Tijuana, ciudad compleja, alabada y vilipendiada, de tránsito inusitado por quienes aún sueñan con el camino de vida americano; multiétnica y plurilingüe, urbanísticamente anárquica, envuelta en un crisol de circunstancias disruptivas. Carga en sus hombros una leyenda negra, consecuencia de la Ley Seca norteamericana y sus prohibiciones, que hoy parece superarse ante la insistencia de una comunidad cultural necia y propositiva.  Ciudad camaleón, que se adapta, se disfraza, se reinventa; cobijo y tránsito de migrantes y polleros, drogas y narcotraficantes; hogar de hombres y mujeres ejemplares, y también  de gobiernos fallidos encabezados por personajes folclóricos. Una población progresista y clasista, económica y radicalmente dispar, así como una fantástica comunidad creativa que ha soñado —y sueña— con el reconocimiento internacional y la riqueza, que ha padecido, para su desgracia, indiferencia y olvido.

 Desde los años cuarenta, esta fauna creativa se asoma al nada circunspecto círculo social tijuanense, y no es sino un par de décadas después que empiezan —con cierta condescendencia— a ser tomados en cuenta.  Las primeras generaciones sobreviven (con sus grandes excepciones) entre clases de pintura, ventas esporádicas de obras y, por supuesto, otras ocupaciones más rentables, ajenas a su pasión creativa. El tiempo parece haberse detenido en ese trance: hoy se padecen las mismas calamidades, con idéntico estoicismo y renovada indiferencia institucional.

Migrantes casi todos ellos, que por múltiples circunstancias se anclaron en la ciudad y la hicieron suya. Javier Galaviz, odontólogo, fotógrafo y pintor, supo ver en esa generación lo que para otros pasaba desapercibido y emprendió algo inusitado: coleccionarlos. Un gesto fundamental por sus implicaciones en la preservación de la memoria, y que hoy —con justicia— se agradece.
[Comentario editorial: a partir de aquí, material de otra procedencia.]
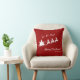 Add a fun seasonal touch to your home with this custom red and white throw pillow. Throw pillow features red background with white Merry Christmas greeting and Ho Ho Ho text, your family last name, and Santa Claus flying in his sleigh with reindeer.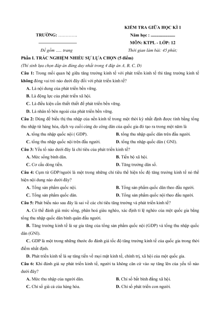 Câu 5: Phát biểu nào sau đây là sai về các chỉ tiêu tăng trưởng và phát triển kinh tế?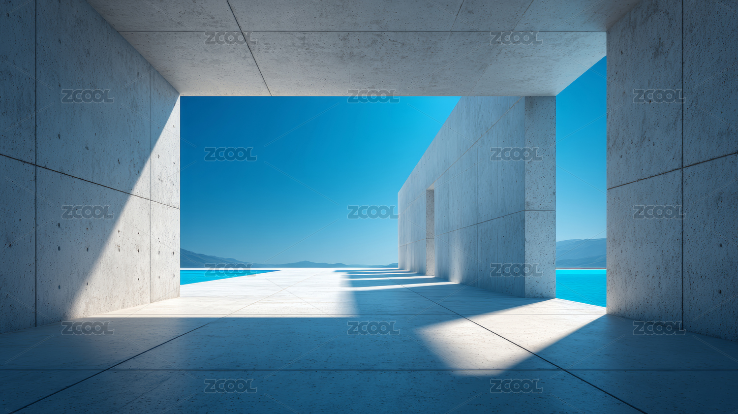 混凝土空间与明亮窗户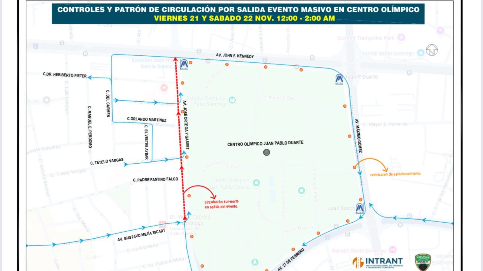 Así mismo, se indicó que se mantienen las restricciones de estacionamiento en las avenidas Máximo Gómez, 27 de Febrero, Kennedy y Ortega y Gasset, así como el acceso vehicular controlado al interior del Centro Olímpico.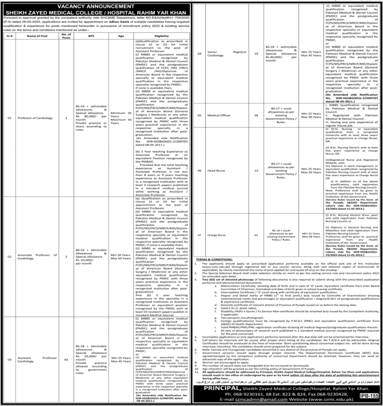 Sheikh Zayed Medical College is inviting applications for the following positions, as per the job advertisement published in the daily Jang Newspaper on 30 May, 2025 for vacancies in Rahim Yar Khan, Punjab, Pakistan: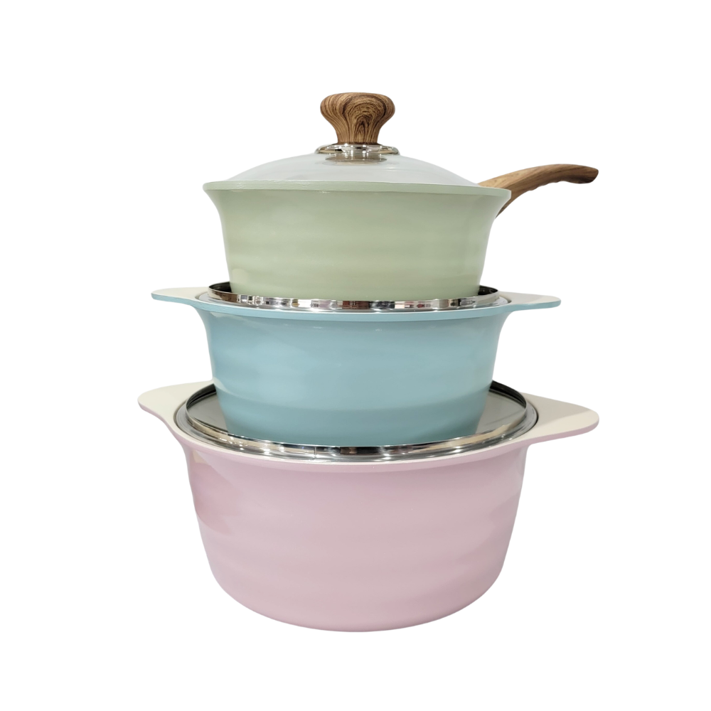 Bộ Nồi Đáy Từ Ecoramic 3 Món TRPIH3 được làm từ chất liệu hợp kim nhôm cao cấp, phủ lớp men chống dính. Với thiết kế độc đáo và sang trọng, bộ sản phẩm này sẽ làm cho bếp nhà bạn trở nên thật hoàn hảo. Bộ sản phẩm có 3 món gồm 2 nồi (20 & 24cm) và 1 quánh (18cm).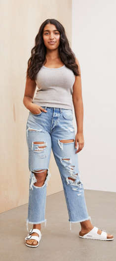 Petite Boyfriend Jeans Baggy Pants Style Tips - Embrace casual chic in a ripped & cropped.
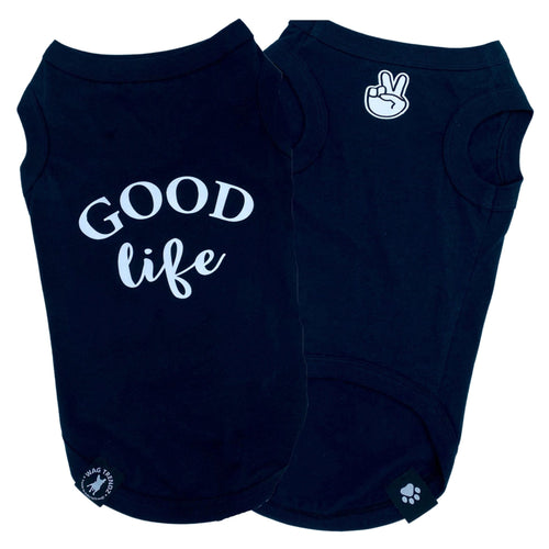 The Good Life Dog T-Shirt is an exclusive and trendy design for dogs that embody the Good Life vibe.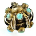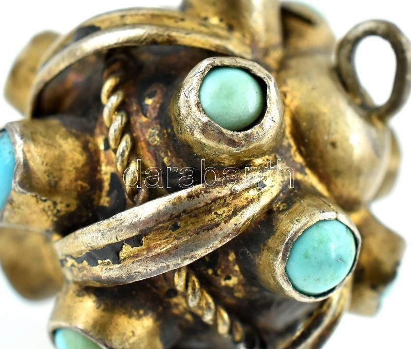 Ezüst (Ag) Pitykegomb türkizekkel ékítve, jelzés nélkül, kopásnyomokkal, bruttó:8,2g, cca.3cm<a href="https://www.darabanth.com/hu/gyorsarveres/411/kategoriak~Nemesfem-Disztargyak-Orak-es-Ekszerek/Nemesfem-Disztargyak-Orak-es-Ekszerek~505031/Ezust-A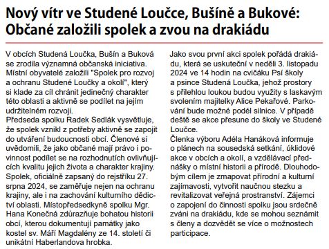 Tak 4. října od 14 hodin – bývalá škola ve Studené Loučce. Přijďte, přijeďte, vraťte se. Společně napíšeme další kapitolu příběhu Studené Loučky.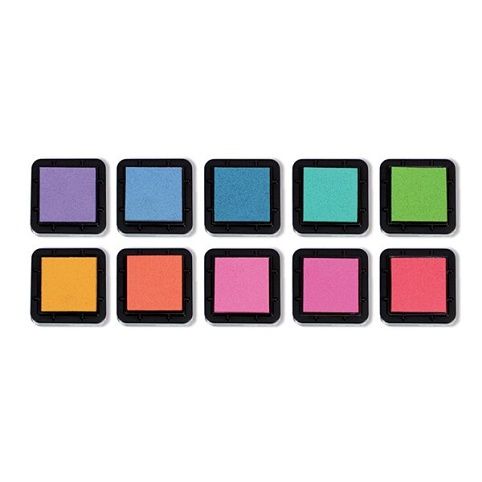 Sada 10 ks barevných polštářků pro razítka StampoKids a StampoScrap.Velikost polštářků je 3×3 cm.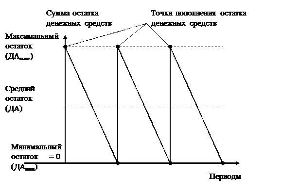 Исходными положениями Модели Баумоля является постоянство потока расходования денежных средств, хранение всех резервов денежных активов в форме краткосрочных финансовых вложений и изменение остатка денежных активов от их максимума до минимума, равного нулю.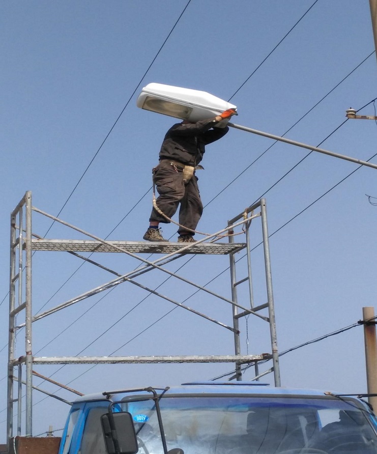 為保證日曬鹽公司職工夜間上班安全,機(jī)電服務(wù)公司接到任務(wù)后,及時(shí)組織技術(shù)人員對(duì)道路路燈進(jìn)行檢查,確定修理方案, 該公司職工能放棄休息日,進(jìn)行搶修。共更換引線10盞,換燈泡20只。(圖為5月7上午開始修理現(xiàn)場)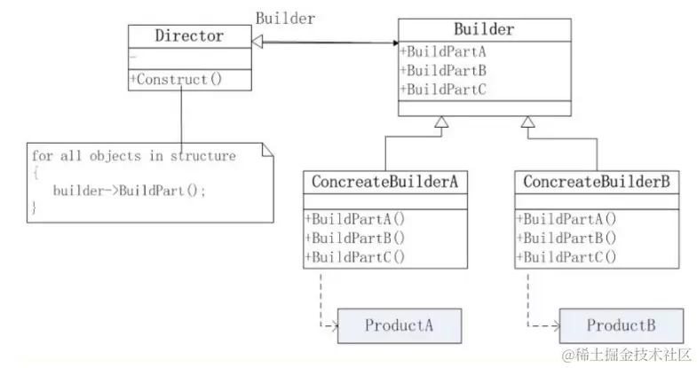 - Builder——抽象类, 规范产品的组建,一般是由子类实现具体的组件过程。
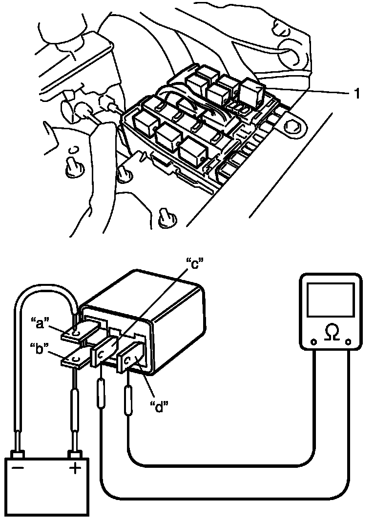 3. Check that there is no continuity between terminal "c" and "d". If there is continuity, replace relay.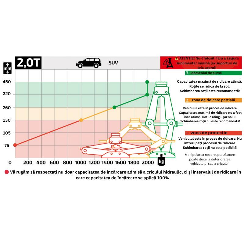 Atentie! Potrivit pentru vehicule a caror greutate se ridica pana la 2,0T. Este nu numai important sa respectați capacitatea de incarcare admisa a cricului, dar si domeniul de ridicare pentru care capacitatea de incarcare se va aplica la 100%. Utilizarea necorespunzatoare poate duce la vatamari grave sau la deteriorari.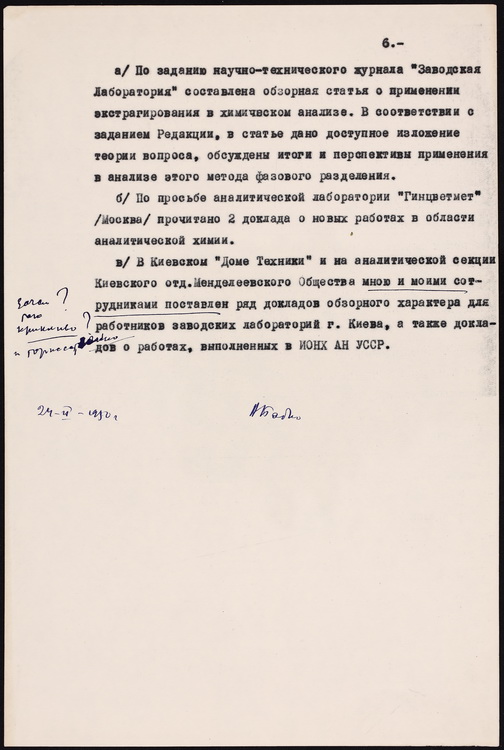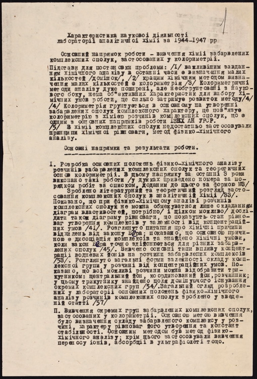 Маємо його лабораторний зошит та складену ним характеристику наукової діяльності лабораторії аналітичної хімії Інституту загальної та неорганічної хімії АН УРСР, яку він очолював.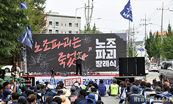 집회를 시작하며 자회사 새노조 조합원들이 어색한 팔뚝질을 하며 ‘임을 위한 행진곡’을 부르자 농성 중인 노동자들이 이야기한다. 자회사 노동자들이...
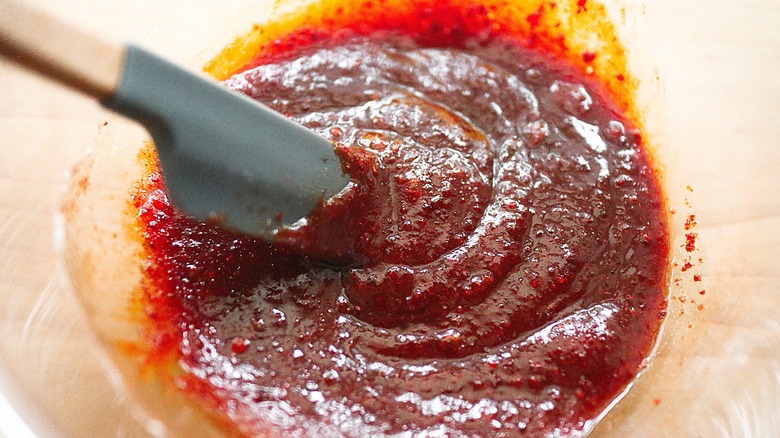 - To make the tteokbokki sauce, mix together the gochujang, 1 teaspoon gochugaru, soy sauce, and sugar in a small bowl. Set aside.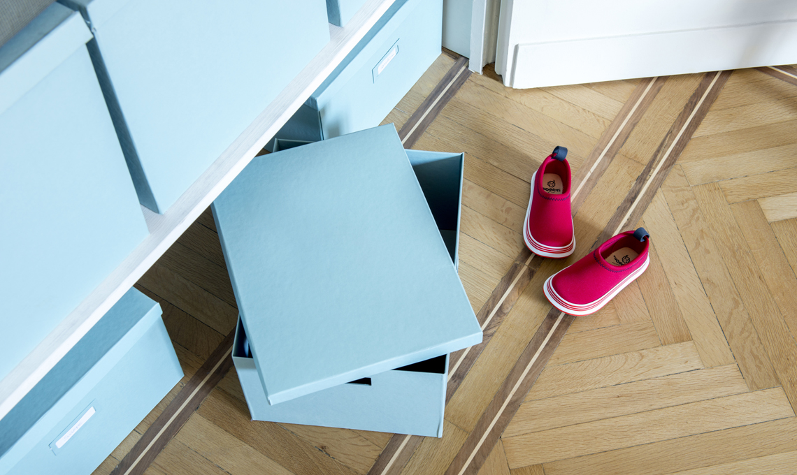 Nelle case di fine ’800, spesso si avevano a disposizione due ingressi, uno ‘ufficiale’ e uno di servizio. Nel nostro caso, il secondo – che si apriva su quella che ora è la camera dei bambini – è stato chiuso e se ne è ricavata una nicchia profonda 40 cm, impreziosita dalla cornice e dalla porta a due ante, entrambe originali della casa. Un semplice restyling ha dato vita a un guardaroba per i vestiti e gli accessori dei figli (ma è un’idea da copiare per ogni ambiente...), reso allegro dalla tappezzeria a foliage in bianco e denim e dalle tante scatole azzurre che sostituiscono i cassetti e poggiano a terra e sulle tre mensole.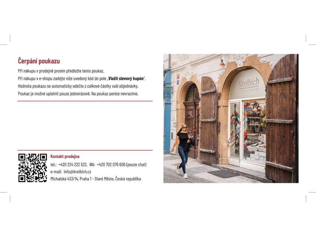 Dárkový poukaz můžete uplatnit v e-shopu www.kreibich.cz nebo v naší kamenné prodejně v centru Prahy. Po autorizaci objednávky Vám poukaz s unikátním kódem zašleme v elektronické podobě na e-mail uvedený v objednávce. Pokud si přejete poukaz v tištěné podobě, doručíme Vám jej na adresu uvedenou v objednávce. Platnost poukazu je 12 měsíců a není možné jej vyměnit za peníze.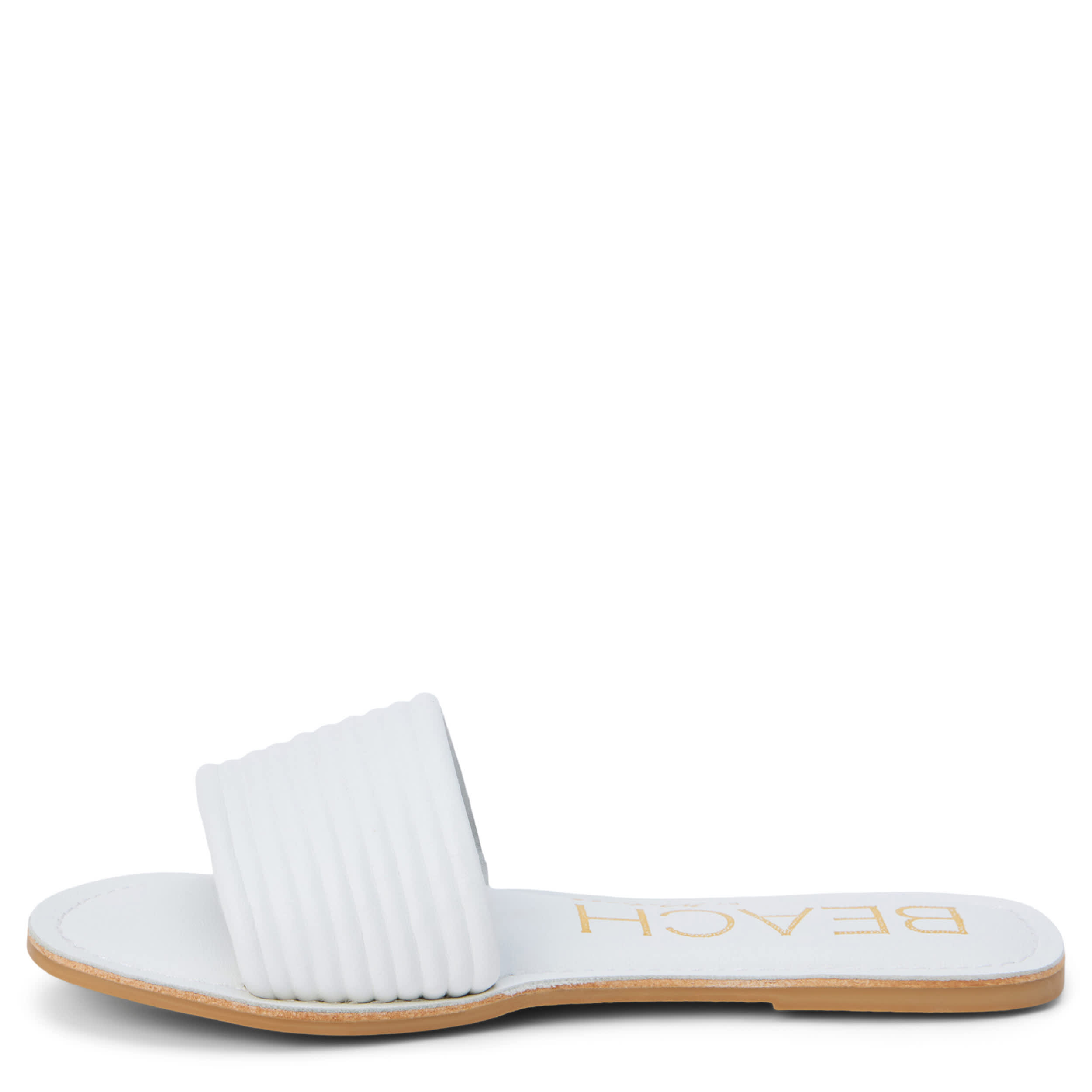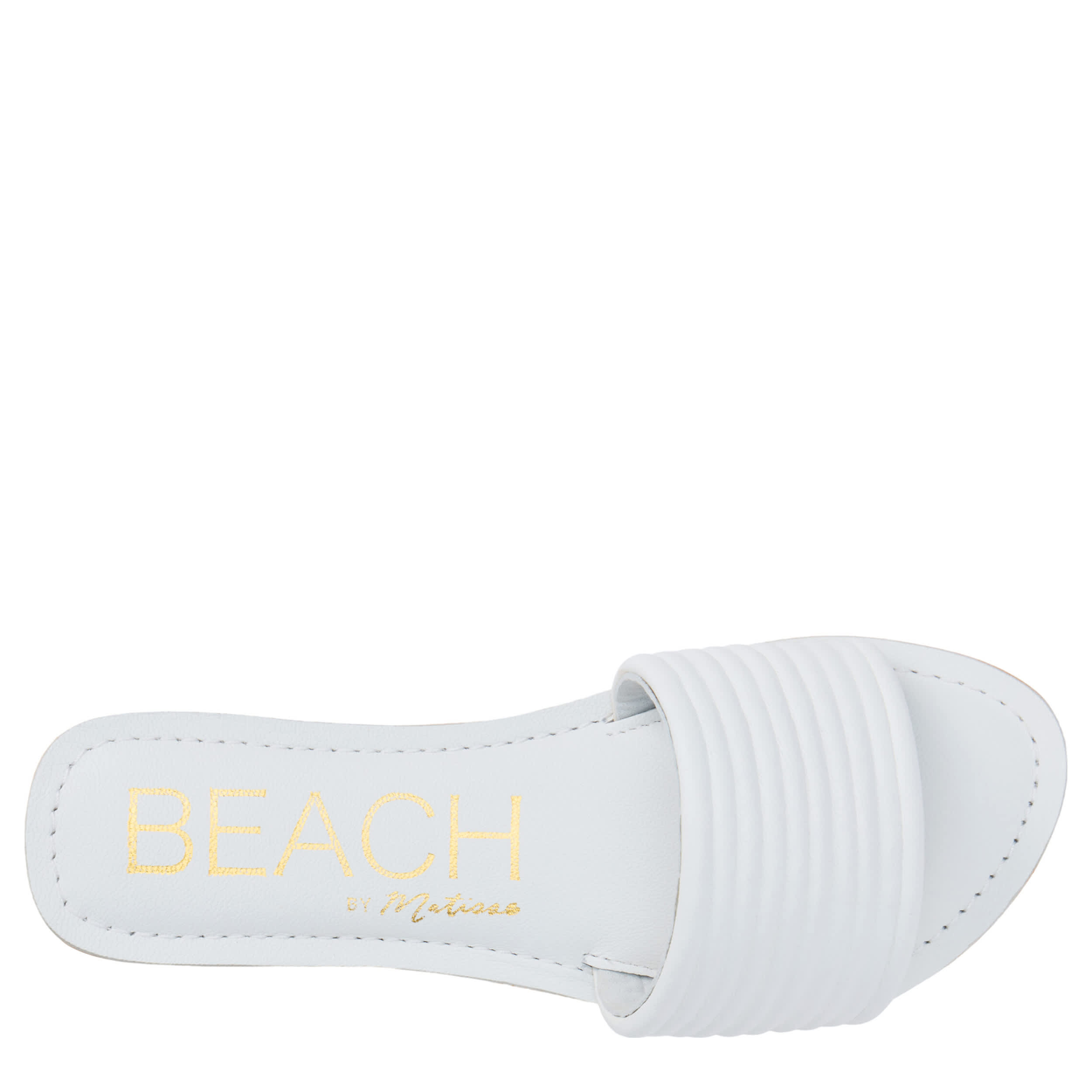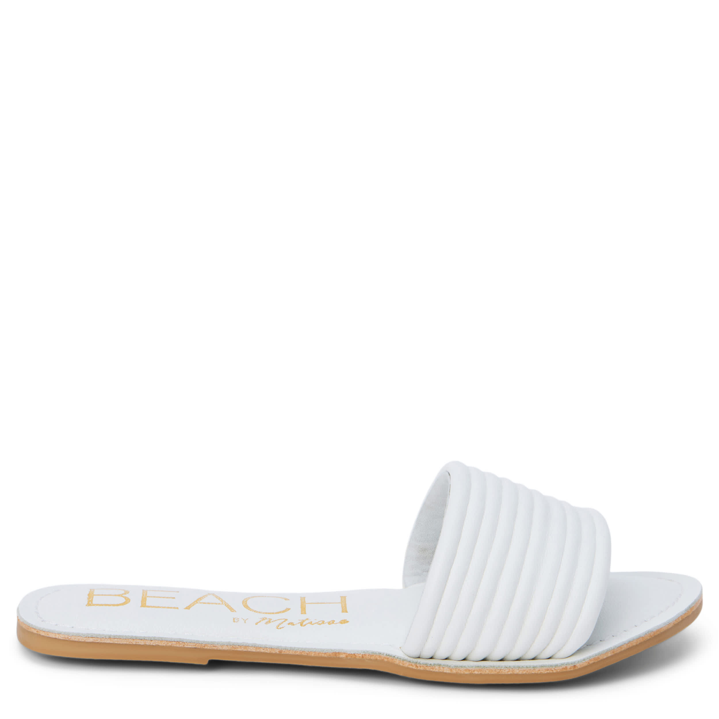 Slip on a versatile style with the Troller flat sandal from Beach by Matisse. This convenient sandal boasts a leather upper in a wavy quilted bandage design. The insole keeps you foot comfy, while the outsole gives traction for all your daily plans.

De su amplio repertorio, selecciona las obras que conformarán la muestra Tiempo y circunstancia.  Integrada por una decena de hábiles dibujantes, con un claro dominio de la forma y el color, así como de otros recursos indispensables para plasmar narrativas que reflejan tanto su visión personal, como su contexto. El resultado es una exposición que, como bien señala Adrián Volts Sáenz en su texto de sala, no se rige por los nombres, sino por la fuerza de las obras que la conforman. Una apreciación que, sin duda, compartimos plenamente.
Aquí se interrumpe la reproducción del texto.